WHAT YOU SHOULD DO
Write out the listing below in full and exactly, leaving out every picture.

DATA TO EXAMINE
· · · · · · ·
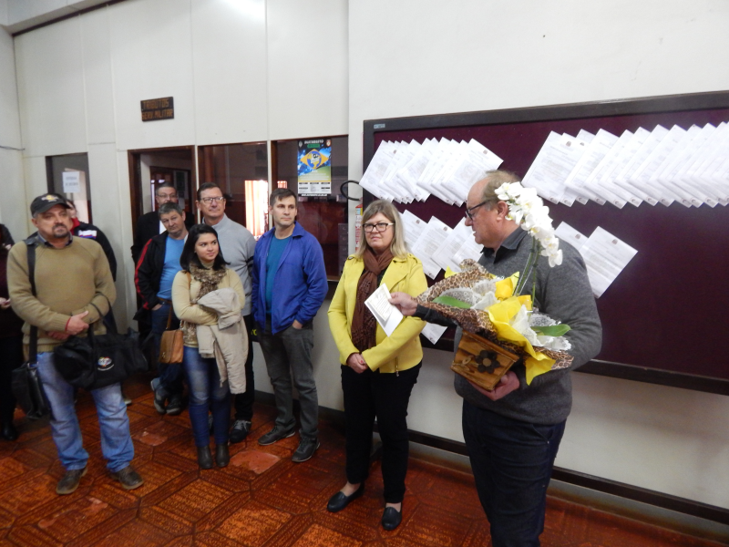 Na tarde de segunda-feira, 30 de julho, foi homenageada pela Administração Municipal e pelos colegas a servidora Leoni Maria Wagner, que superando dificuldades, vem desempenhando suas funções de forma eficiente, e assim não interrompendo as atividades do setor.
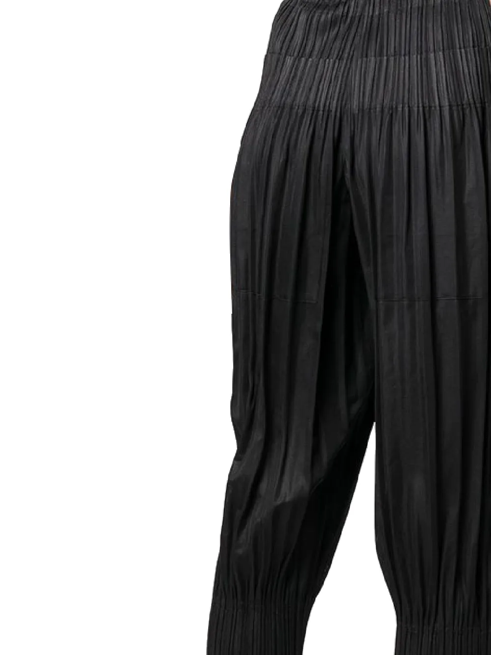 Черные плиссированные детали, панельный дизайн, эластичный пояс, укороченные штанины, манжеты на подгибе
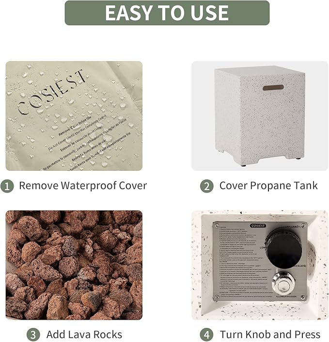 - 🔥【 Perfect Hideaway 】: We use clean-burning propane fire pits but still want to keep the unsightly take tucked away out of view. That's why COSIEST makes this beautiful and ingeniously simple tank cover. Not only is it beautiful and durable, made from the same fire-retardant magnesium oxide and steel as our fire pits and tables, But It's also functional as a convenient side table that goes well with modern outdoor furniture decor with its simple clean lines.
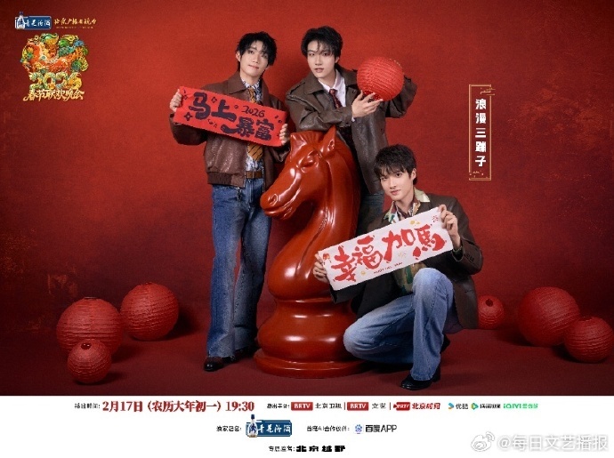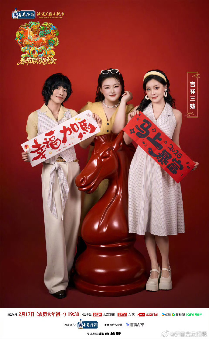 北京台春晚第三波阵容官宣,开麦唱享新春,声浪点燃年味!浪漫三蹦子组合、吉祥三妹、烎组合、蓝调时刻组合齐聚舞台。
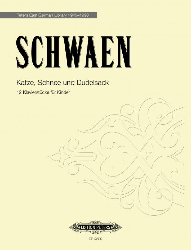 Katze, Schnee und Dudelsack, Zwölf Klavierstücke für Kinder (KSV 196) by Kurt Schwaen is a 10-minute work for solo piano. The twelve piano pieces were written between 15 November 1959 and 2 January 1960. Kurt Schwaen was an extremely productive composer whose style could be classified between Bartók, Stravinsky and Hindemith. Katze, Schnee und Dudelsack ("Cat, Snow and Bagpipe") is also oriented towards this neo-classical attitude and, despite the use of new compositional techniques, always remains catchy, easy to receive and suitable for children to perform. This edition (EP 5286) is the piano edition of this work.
· · · · · · ·
ANSWER FOR THIS EXERCISE
 Na tarde de segunda-feira, 30 de julho, foi homenageada pela Administração Municipal e pelos colegas a servidora Leoni Maria Wagner, que superando dificuldades, vem desempenhando suas funções de forma eficiente, e assim não interrompendo as atividades do setor.
 Черные плиссированные детали, панельный дизайн, эластичный пояс, укороченные штанины, манжеты на подгибе
 - 🔥【 Perfect Hideaway 】: We use clean-burning propane fire pits but still want to keep the unsightly take tucked away out of view. That's why COSIEST makes this beautiful and ingeniously simple tank cover. Not only is it beautiful and durable, made from the same fire-retardant magnesium oxide and steel as our fire pits and tables, But It's also functional as a convenient side table that goes well with modern outdoor furniture decor with its simple clean lines.
 北京台春晚第三波阵容官宣,开麦唱享新春,声浪点燃年味!浪漫三蹦子组合、吉祥三妹、烎组合、蓝调时刻组合齐聚舞台。
 Katze, Schnee und Dudelsack, Zwölf Klavierstücke für Kinder (KSV 196) by Kurt Schwaen is a 10-minute work for solo piano. The twelve piano pieces were written between 15 November 1959 and 2 January 1960. Kurt Schwaen was an extremely productive composer whose style could be classified between Bartók, Stravinsky and Hindemith. Katze, Schnee und Dudelsack ("Cat, Snow and Bagpipe") is also oriented towards this neo-classical attitude and, despite the use of new compositional techniques, always remains catchy, easy to receive and suitable for children to perform. This edition (EP 5286) is the piano edition of this work.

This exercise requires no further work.